PDF Association
- Abbreviation: PDFa
- Predecessor: PDF/A Competence Center
- Formation: 2006; 20 years ago
- Type: Registered association
- Purpose: Portable Document Format Standardization
- Headquarters: Berlin, Germany
- Region served: International
- Members: >150 members in ~30 countries
- Executive Director: Duff Johnson
- Main organ: Board of Directors
- Website: www.pdfa.org

= PDF Association =

The PDF Association promotes the adoption and use of international standards related to PDF technology by assisting enterprise content management (ECM), document management system (DMS) and advanced PDF users with the implementation of PDF technology on an organizational level.
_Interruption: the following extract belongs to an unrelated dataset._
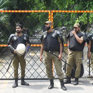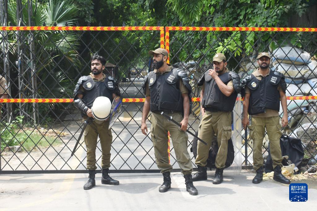 8月5日,警察在伊姆蘭·汗位于巴基斯坦東部旁遮普省首府拉合爾的私邸附近警戒。
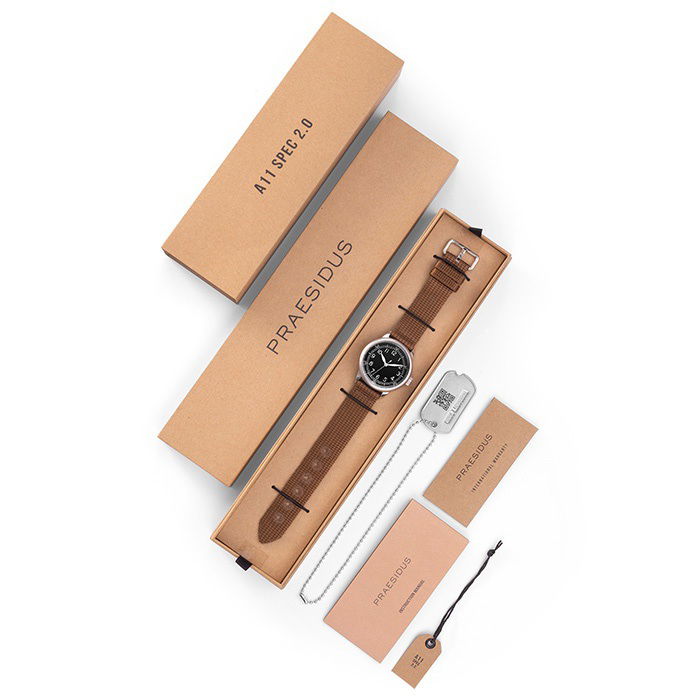 The case is available in either a 32mm or in a 40mm size. The main case body is sandblasted to eliminate any gloss, in true field watch fashion. However, as a nod to the original shiny chrome plating found on most A-11s, the lugs are polished.

In order to assist companies in making the most of PDF technology, the PDF Association provides organizations with information and resources on the variety of international standards available for PDF.

== Mission ==
The PDF Association's stated mission is to promote Open Standards-based electronic document implementations using PDF technology through education, expertise and shared experience for stakeholders worldwide.

== Membership ==
PDF Association membership is open to any company or individual wishing to be involved. There are tiered fees depending on the size of the company.

== History ==
Established in 2006 as an initiative of the Association for Digital Document Standards (ADDS), and known then as the PDF/A Competence Center (PDFACC), the organization's primary focus was to promote awareness and standards-compliant implementation of PDF/A technology.

In 2011 the PDFACC expanded its scope to cover all of PDF technology and became the PDF Association. Members hail from over 20 countries around the world. PDF Association chapters can be found in Australia, Benelux, France, Germany, Italy, North America, Scandinavia, Spain, Switzerland, and United Kingdom, among others.